Isn't Hawaii a special case because of its isolation?
If so many people install solar in Southern California or Arizona that the local utility has more power coming in during the day than it can use or store, it can sell the excess via the national grid to someplace that can use it.
As far as I've been able to determine from the internet, there is no connection between Hawaii power grids and the mainland. In fact, it looks like the grids of each island might be isolated from the others.
Exactly. None of the islands grids are connected. I worked for a power plant on the big island a few years ago and even then there was a big issue with too much power during the day and not enough at night. Coupling that with the intermittent wind power and you have a very hard grid to maintain.

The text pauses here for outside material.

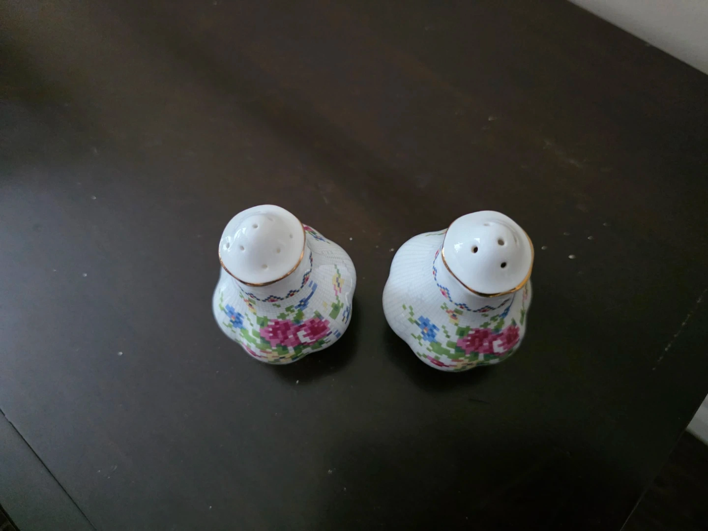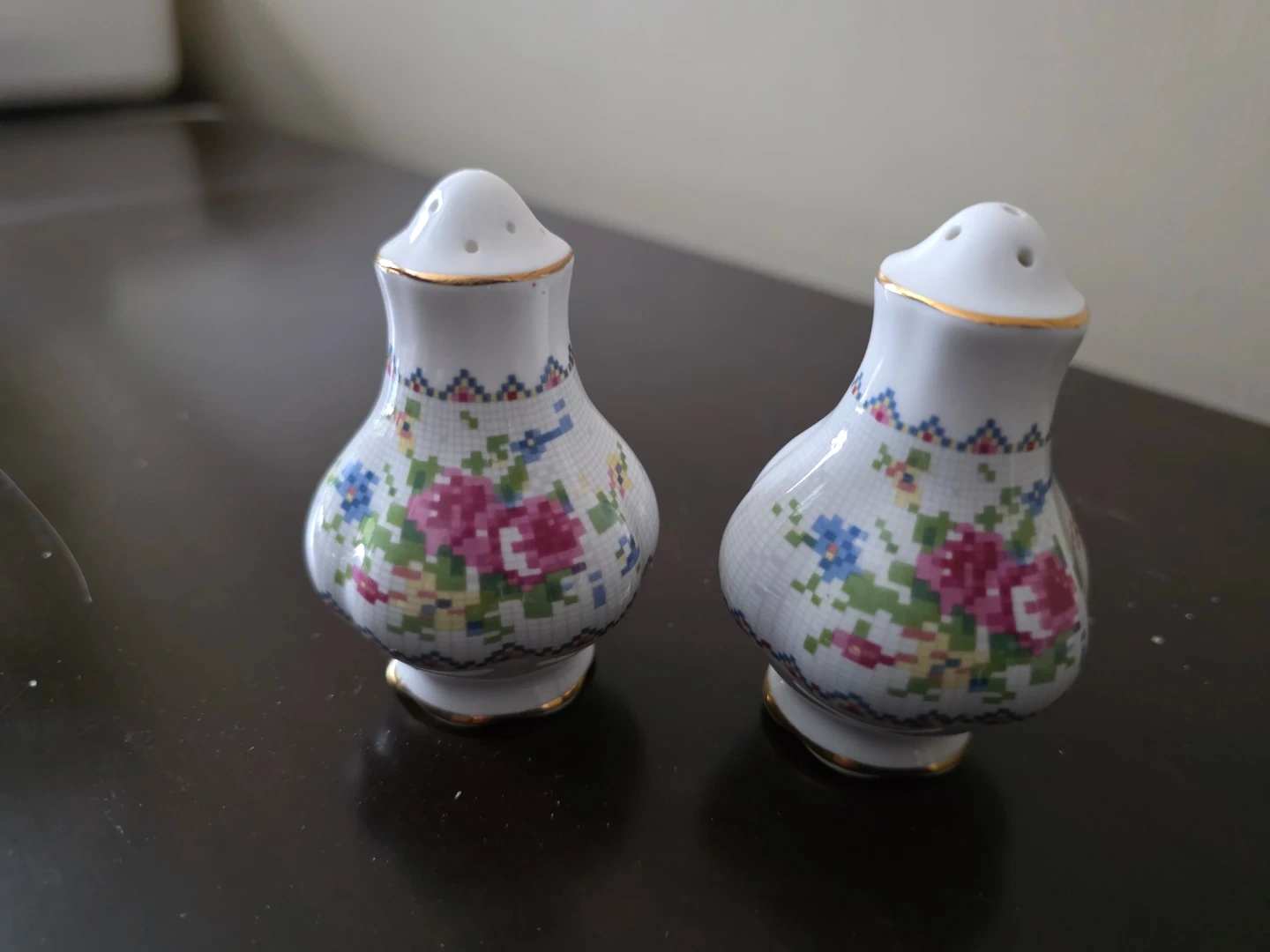 A pair of charming vintage salt and pepper shakers. They feature a delicate floral pattern with gold trim. Made of ceramic.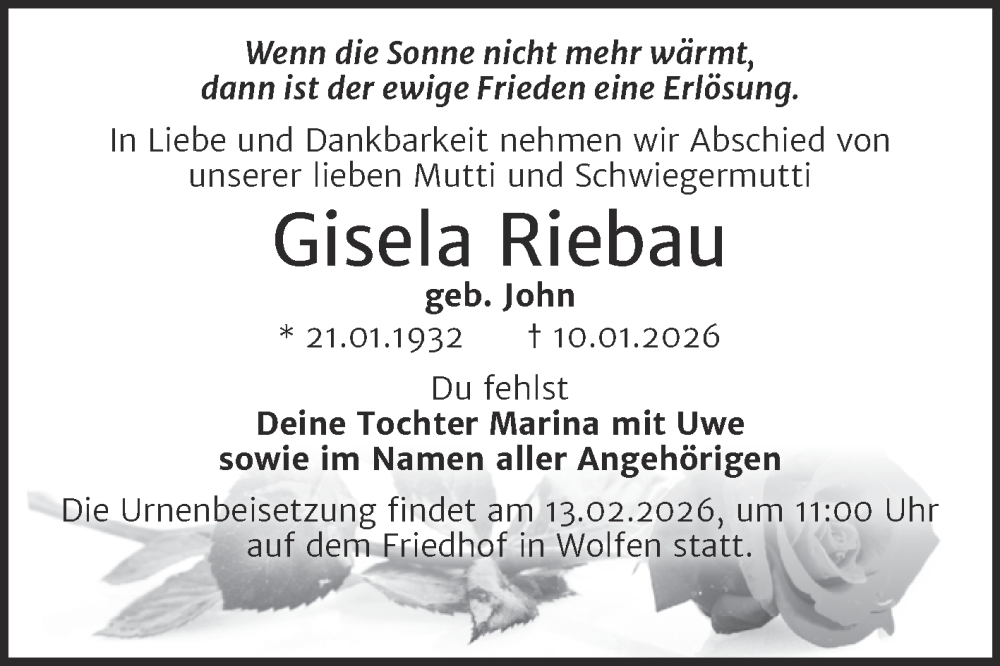 Hier finden Sie alle Traueranzeigen aus der Zeitung, die bisher für Gisela Riebau erschienen sind. Weitere Traueranzeigen, die in der Zeitung erscheinen, werden hier ebenfalls aufgelistet

NextEra (the energy company that recently bought HECO) is looking to do just this. A Sept. 2013 report by them estimates a capital cost of approximately $600 million for a 200 MW cable connect between Maui and Oahu. (source page 8 of [1])
This is the low end of the scale with other estimates ranging from $553 Million to $1.24 Billion (page 9).
Note that this does not connect the Big Island to the grid either.
The preliminary proposed route can be seen on page 84 of the report.
I think that a home battery product from Tesla might help with some of these worries. If the rumors are true, Tesla want to take their existing car battery technology and turn it into a wall mountable product. This would allow homeowners to generate their own electricity during the day and use it at night. I'm not saying that people will completely drop off of the grid (though I'm sure some will) but it might be a way for the utility companies to manage peak demand. There is possibly even a good small business idea in building software to handle this type of thing.
The cost is still too high, so the electric companies have little to worry about in the short run as long as they can find ways to improve their own margins. Of course lobbying for regulatory fees and reduced buy-back rates is one way to do that, but the utilities best be careful there. That could cause a blow back reaction.
In the long run though it is all downhill. Battery tech is getting better at around 8% per year. Solar efficiency isn't far behind. What cost $20,000 now to add solar or $40,000 to get off-grid completely, will cost half that in about 10 to 15 years. If the trend lines continue then in 20 to 30 years years its a done deal. No house will ever be built again without it's own power generation system.
You can't get off the grid completely unless you are a) willing to suffer some downtime occasionally, b) way overbuild storage as compared to typical needs, or c) have your own backup fossil fuel generator.
Any way you cut it high availability costs money. If you expect the grid to handle backup for you then you should expect to pay them to do so. TANSTAAFL
On (b), in addition to total capacity (kWh) you also need to have the battery system designed for quite high transient discharge rates (kW). A typical American suburban house pulls well under 2 kW on average, but can have transient usage spikes in the range of 15-25 kW or so, depending on the house. It's doable, just requires an even more oversized/expensive system.
An alternative could be to avoid simultaneous usage of the major appliances (A/C, electric oven, vacuum, washer/dryer, tea kettle, etc.), of course. That would probably require a mixture of behavioral changes and changes to the A/C system. For example a house with multiple A/C units (window units or upstairs/downstairs) could have them wired so they don't kick on simultaneously.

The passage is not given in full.